Task directions. Ignoring pictures, transcribe exactly the lines between the one containing "А как ты думаешь, о" and the end of the material, both included.

Source data.
★ ★ ★ ★ ★

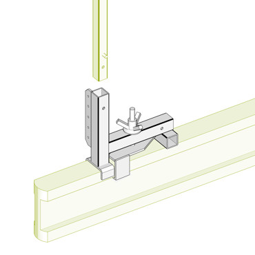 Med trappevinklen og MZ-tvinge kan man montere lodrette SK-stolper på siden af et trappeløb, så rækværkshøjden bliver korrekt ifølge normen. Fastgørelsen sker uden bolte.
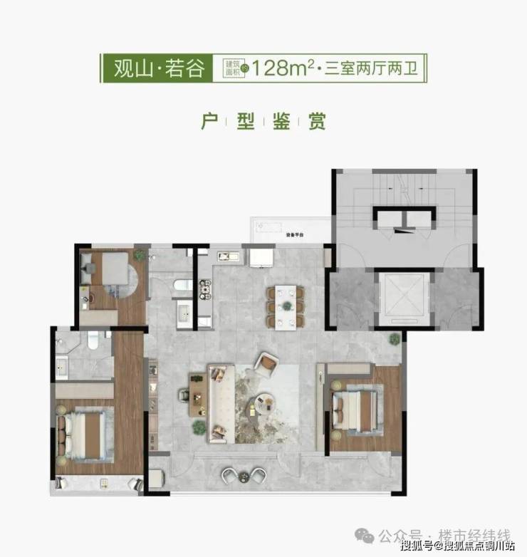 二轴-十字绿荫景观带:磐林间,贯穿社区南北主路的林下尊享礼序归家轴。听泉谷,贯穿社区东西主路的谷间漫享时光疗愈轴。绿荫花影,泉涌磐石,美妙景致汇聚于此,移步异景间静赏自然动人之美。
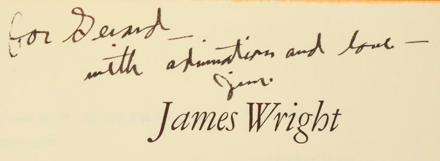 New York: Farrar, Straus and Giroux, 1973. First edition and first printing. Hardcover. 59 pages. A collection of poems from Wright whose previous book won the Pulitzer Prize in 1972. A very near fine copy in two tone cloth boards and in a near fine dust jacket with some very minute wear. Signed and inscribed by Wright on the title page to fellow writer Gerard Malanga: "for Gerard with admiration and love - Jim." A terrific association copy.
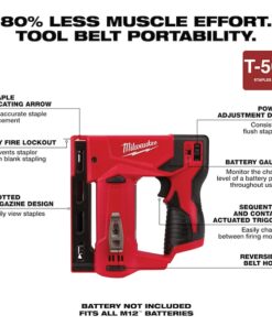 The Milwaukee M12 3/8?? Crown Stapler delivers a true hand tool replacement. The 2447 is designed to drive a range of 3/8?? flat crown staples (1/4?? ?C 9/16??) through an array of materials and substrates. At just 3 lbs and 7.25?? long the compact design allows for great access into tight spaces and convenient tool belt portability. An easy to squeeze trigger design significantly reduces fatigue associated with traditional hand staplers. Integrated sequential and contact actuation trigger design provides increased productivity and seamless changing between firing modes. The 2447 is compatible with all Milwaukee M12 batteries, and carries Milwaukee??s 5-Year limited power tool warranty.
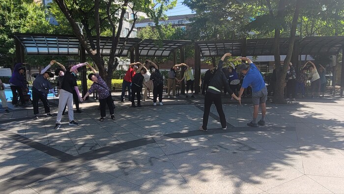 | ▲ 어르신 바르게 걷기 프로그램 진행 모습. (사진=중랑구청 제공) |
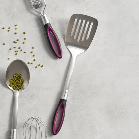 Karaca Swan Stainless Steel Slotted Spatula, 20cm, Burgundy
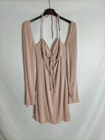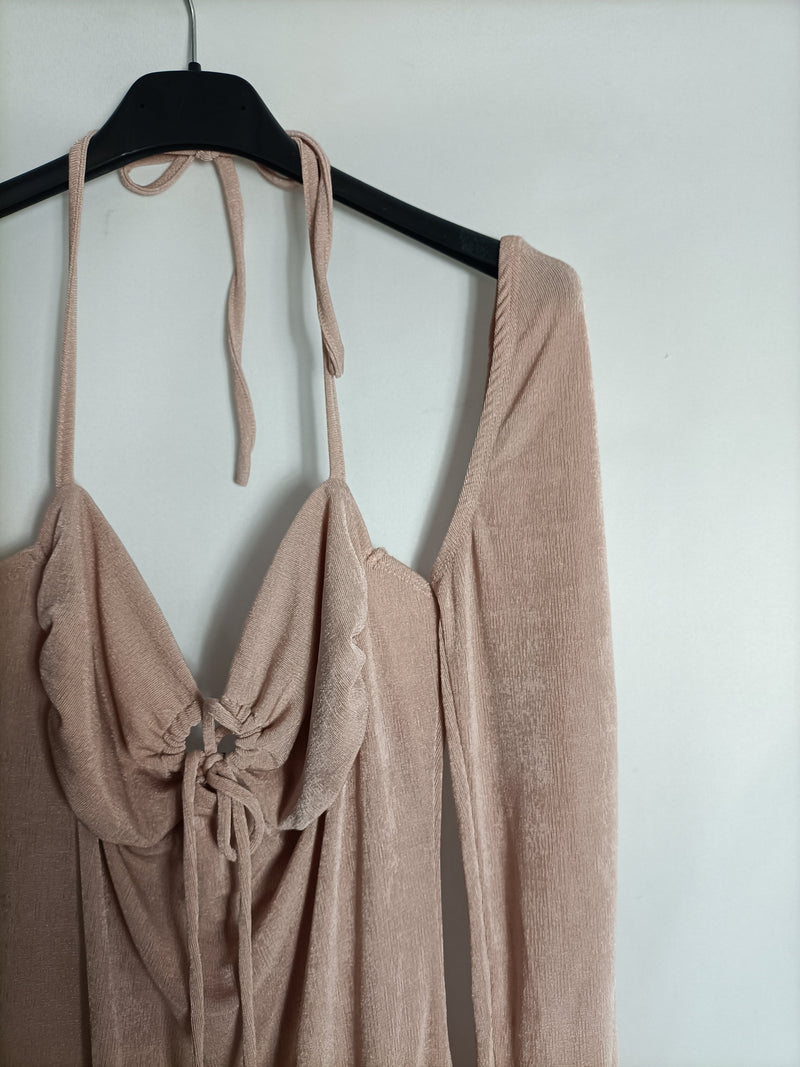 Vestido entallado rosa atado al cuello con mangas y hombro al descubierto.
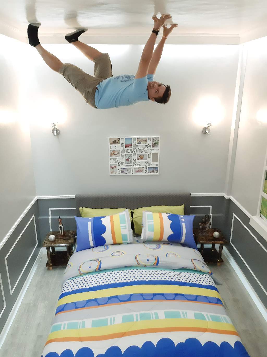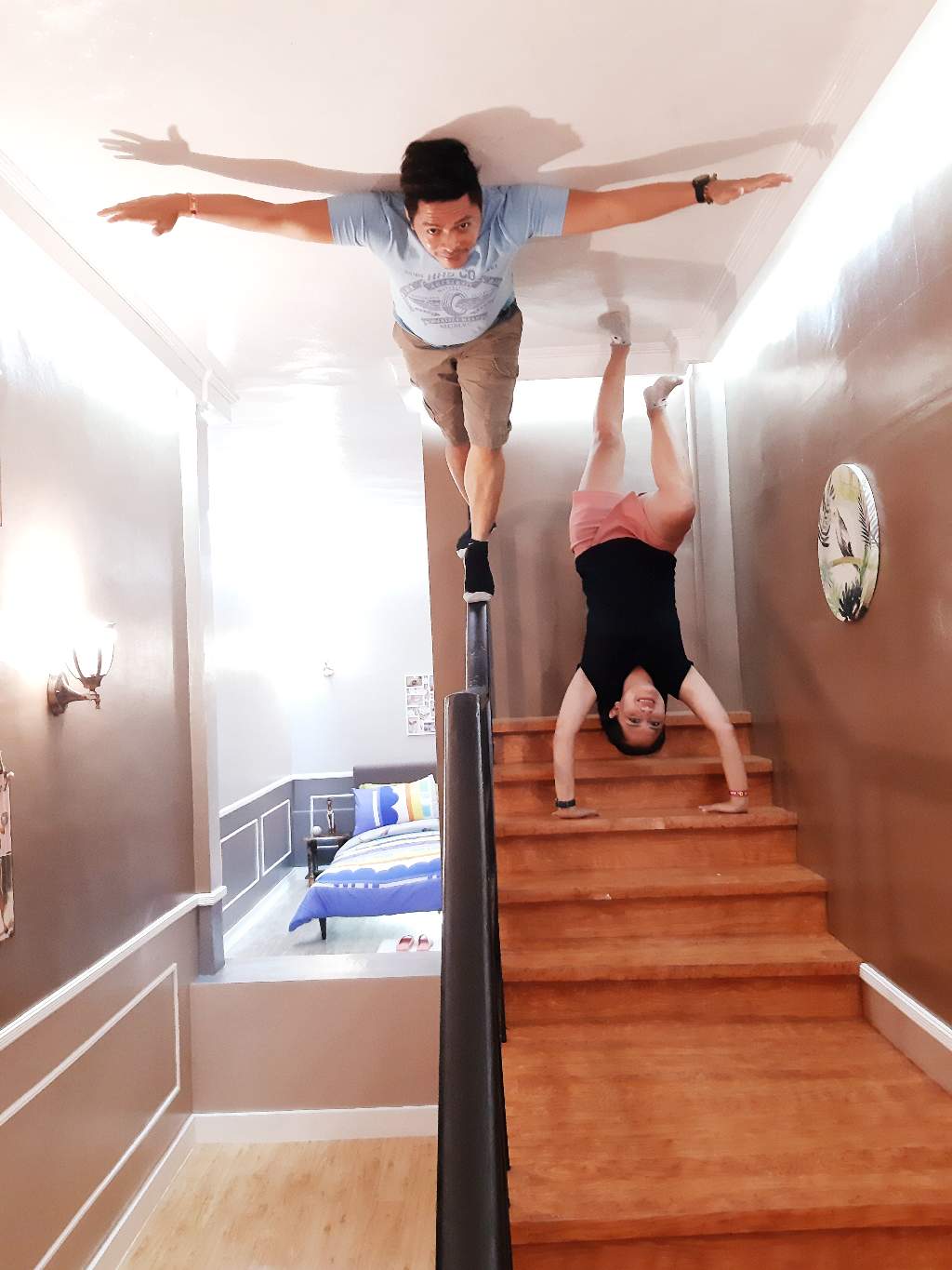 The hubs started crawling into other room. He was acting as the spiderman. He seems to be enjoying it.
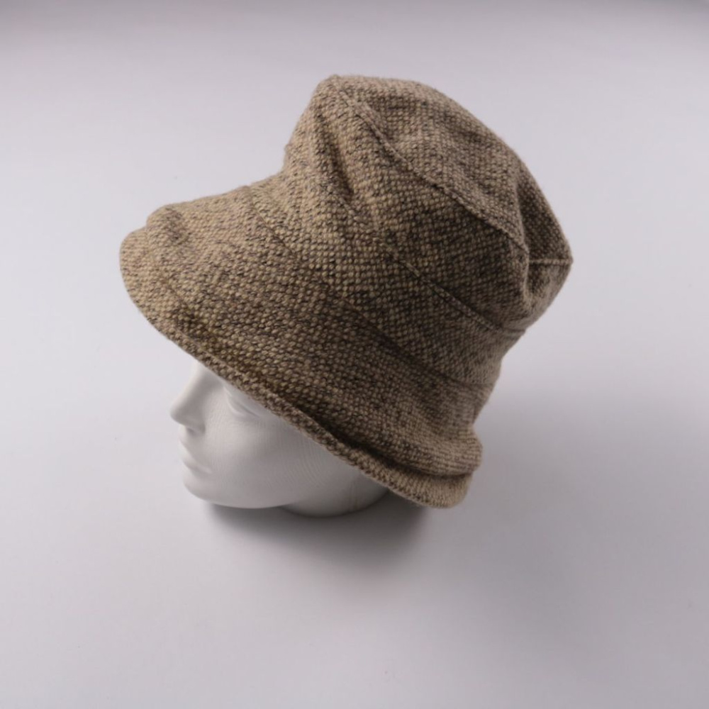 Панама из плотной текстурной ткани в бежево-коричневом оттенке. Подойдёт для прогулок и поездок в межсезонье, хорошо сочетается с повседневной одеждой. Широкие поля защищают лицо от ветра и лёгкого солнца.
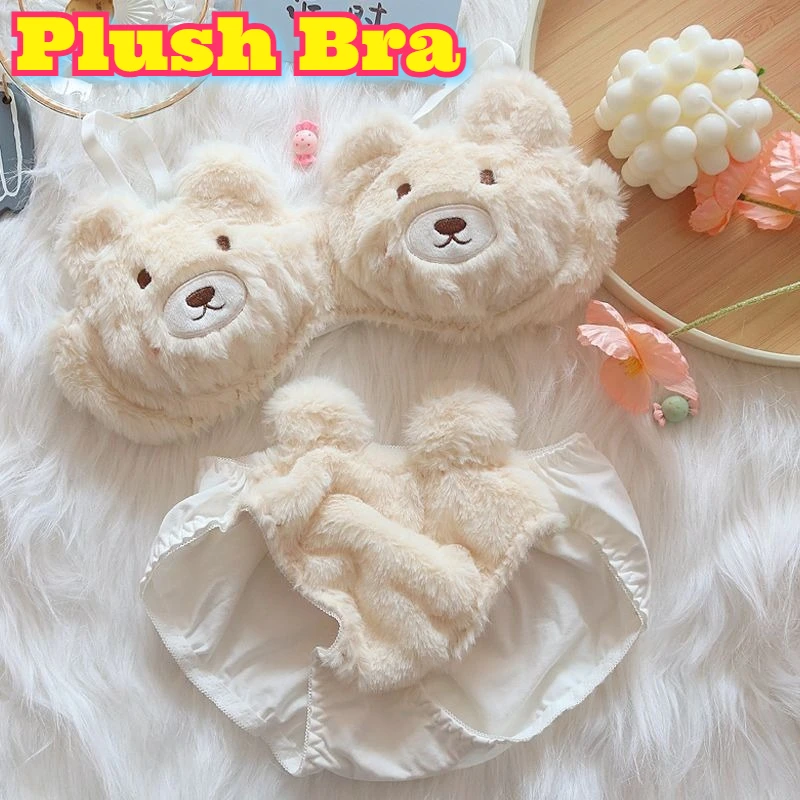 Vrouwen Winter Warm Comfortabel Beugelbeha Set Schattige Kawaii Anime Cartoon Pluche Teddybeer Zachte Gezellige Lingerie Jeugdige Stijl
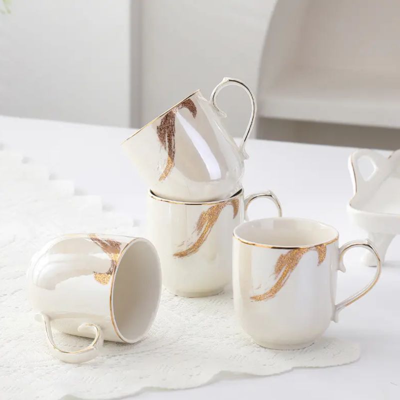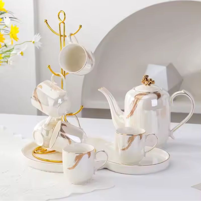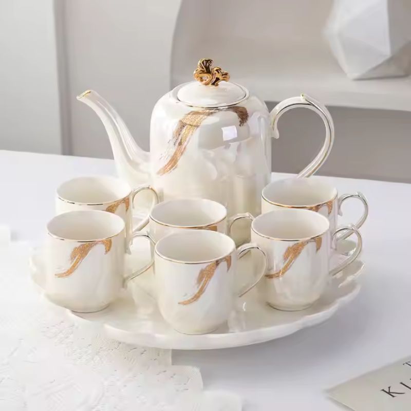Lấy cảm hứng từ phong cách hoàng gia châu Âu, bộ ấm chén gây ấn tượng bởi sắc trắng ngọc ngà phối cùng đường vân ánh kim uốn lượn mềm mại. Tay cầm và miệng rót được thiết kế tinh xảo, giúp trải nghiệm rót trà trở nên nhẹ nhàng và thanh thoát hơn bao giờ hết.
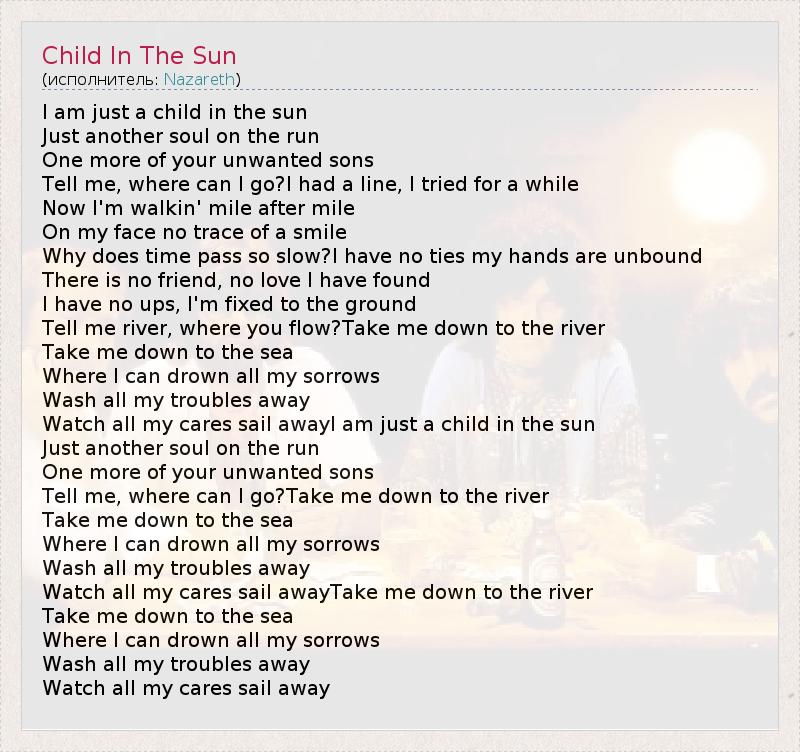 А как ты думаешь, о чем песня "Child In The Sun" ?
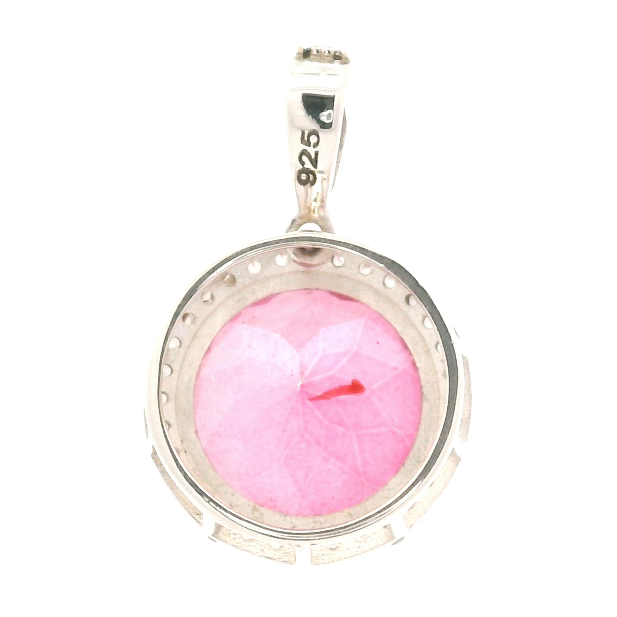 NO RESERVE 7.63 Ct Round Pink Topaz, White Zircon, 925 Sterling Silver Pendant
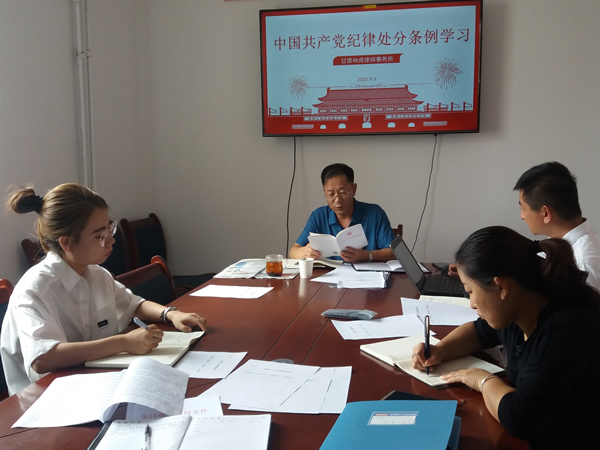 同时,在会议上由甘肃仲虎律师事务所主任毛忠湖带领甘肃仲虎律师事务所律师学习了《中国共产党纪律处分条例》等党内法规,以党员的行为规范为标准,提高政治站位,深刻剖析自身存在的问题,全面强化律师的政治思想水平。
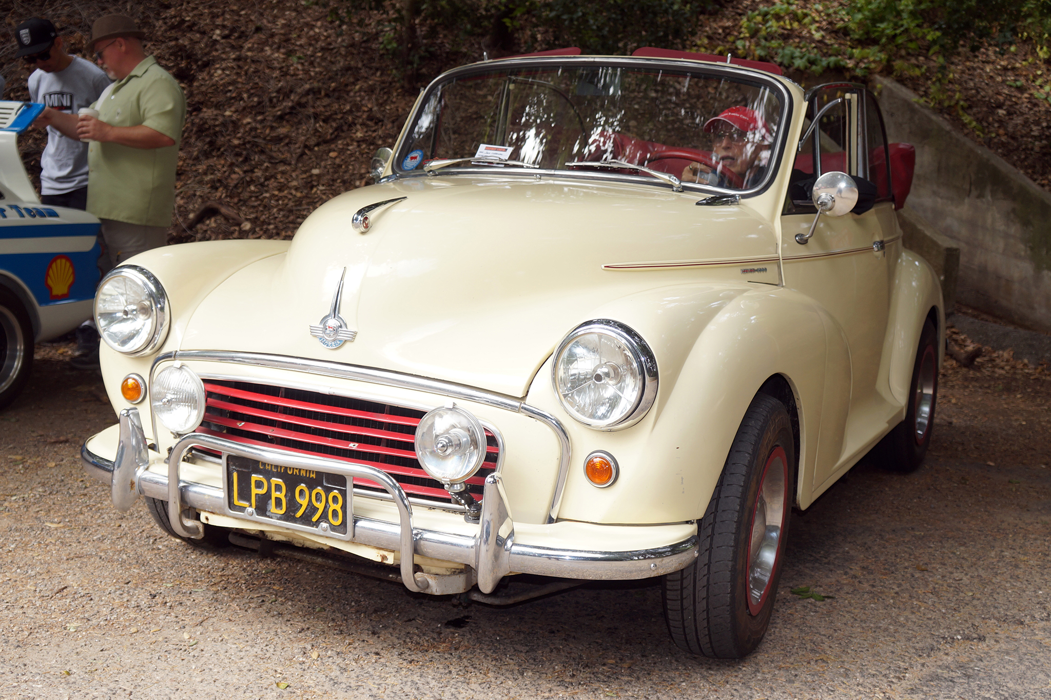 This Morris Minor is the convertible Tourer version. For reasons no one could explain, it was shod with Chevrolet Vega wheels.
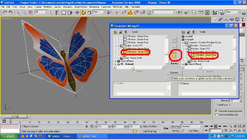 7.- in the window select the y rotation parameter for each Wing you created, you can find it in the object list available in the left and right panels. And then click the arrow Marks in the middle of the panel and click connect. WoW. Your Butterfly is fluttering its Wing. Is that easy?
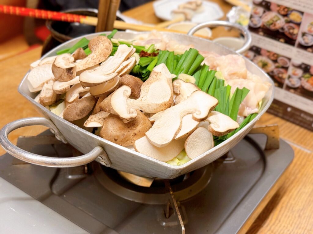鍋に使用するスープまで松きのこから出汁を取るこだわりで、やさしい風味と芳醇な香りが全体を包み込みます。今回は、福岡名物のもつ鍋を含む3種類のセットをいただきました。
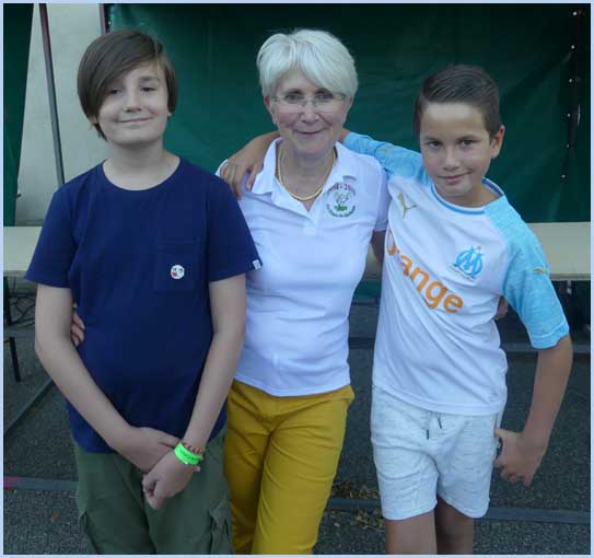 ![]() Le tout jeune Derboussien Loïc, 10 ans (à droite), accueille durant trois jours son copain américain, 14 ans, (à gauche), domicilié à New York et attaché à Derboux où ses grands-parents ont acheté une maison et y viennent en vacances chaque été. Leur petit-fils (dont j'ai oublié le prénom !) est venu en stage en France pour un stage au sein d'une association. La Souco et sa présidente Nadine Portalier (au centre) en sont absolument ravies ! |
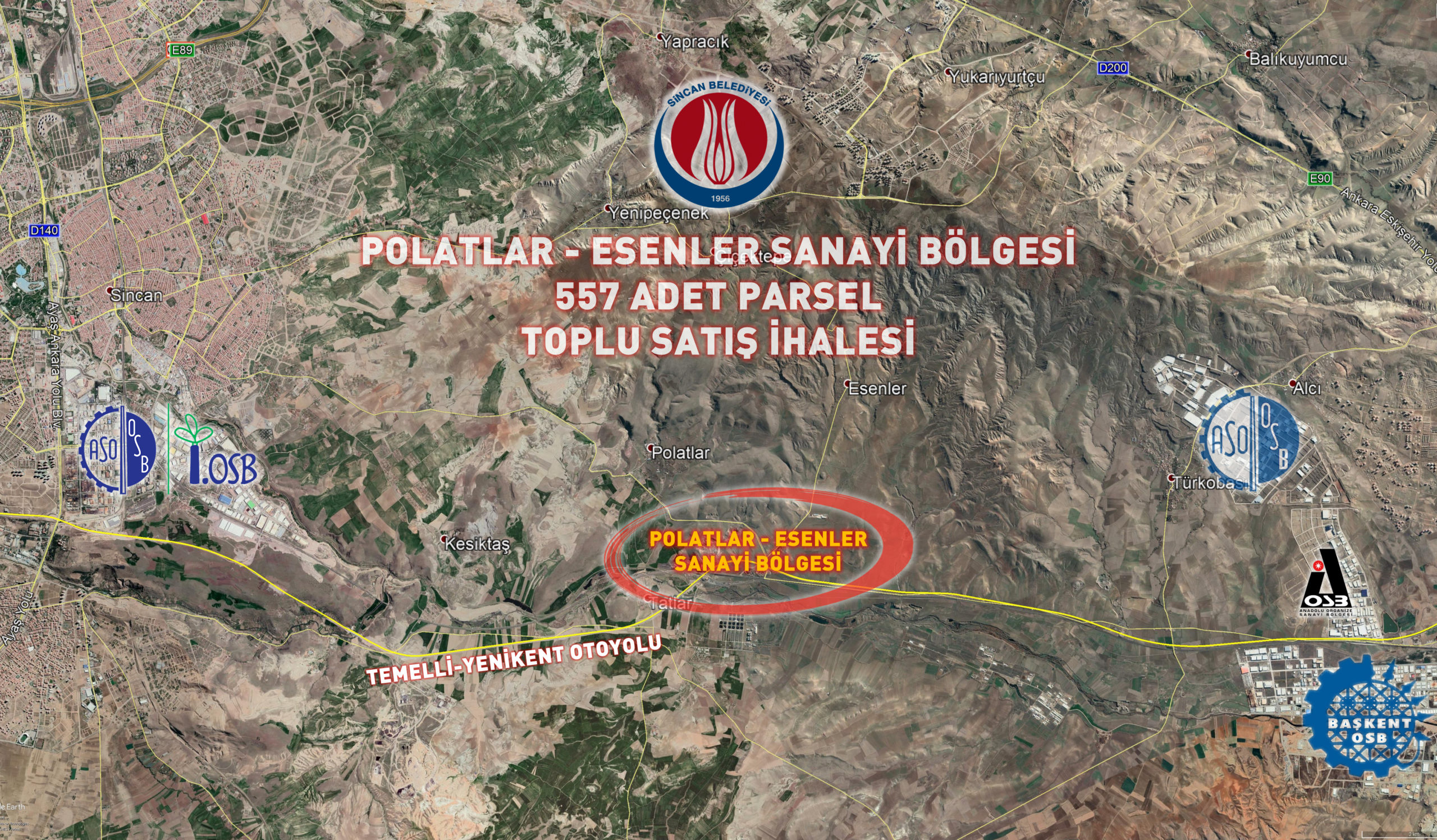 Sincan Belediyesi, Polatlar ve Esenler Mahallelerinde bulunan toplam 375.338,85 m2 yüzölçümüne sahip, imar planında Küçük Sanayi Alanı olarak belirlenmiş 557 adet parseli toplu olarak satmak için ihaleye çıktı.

★ ★ ★ ★ ★

Task solution.
 А как ты думаешь, о чем песня "Child In The Sun" ?
 NO RESERVE 7.63 Ct Round Pink Topaz, White Zircon, 925 Sterling Silver Pendant
 同时,在会议上由甘肃仲虎律师事务所主任毛忠湖带领甘肃仲虎律师事务所律师学习了《中国共产党纪律处分条例》等党内法规,以党员的行为规范为标准,提高政治站位,深刻剖析自身存在的问题,全面强化律师的政治思想水平。
 This Morris Minor is the convertible Tourer version. For reasons no one could explain, it was shod with Chevrolet Vega wheels.
 7.- in the window select the y rotation parameter for each Wing you created, you can find it in the object list available in the left and right panels. And then click the arrow Marks in the middle of the panel and click connect. WoW. Your Butterfly is fluttering its Wing. Is that easy?
鍋に使用するスープまで松きのこから出汁を取るこだわりで、やさしい風味と芳醇な香りが全体を包み込みます。今回は、福岡名物のもつ鍋を含む3種類のセットをいただきました。
 ![]() Le tout jeune Derboussien Loïc, 10 ans (à droite), accueille durant trois jours son copain américain, 14 ans, (à gauche), domicilié à New York et attaché à Derboux où ses grands-parents ont acheté une maison et y viennent en vacances chaque été. Leur petit-fils (dont j'ai oublié le prénom !) est venu en stage en France pour un stage au sein d'une association. La Souco et sa présidente Nadine Portalier (au centre) en sont absolument ravies ! |
 Sincan Belediyesi, Polatlar ve Esenler Mahallelerinde bulunan toplam 375.338,85 m2 yüzölçümüne sahip, imar planında Küçük Sanayi Alanı olarak belirlenmiş 557 adet parseli toplu olarak satmak için ihaleye çıktı.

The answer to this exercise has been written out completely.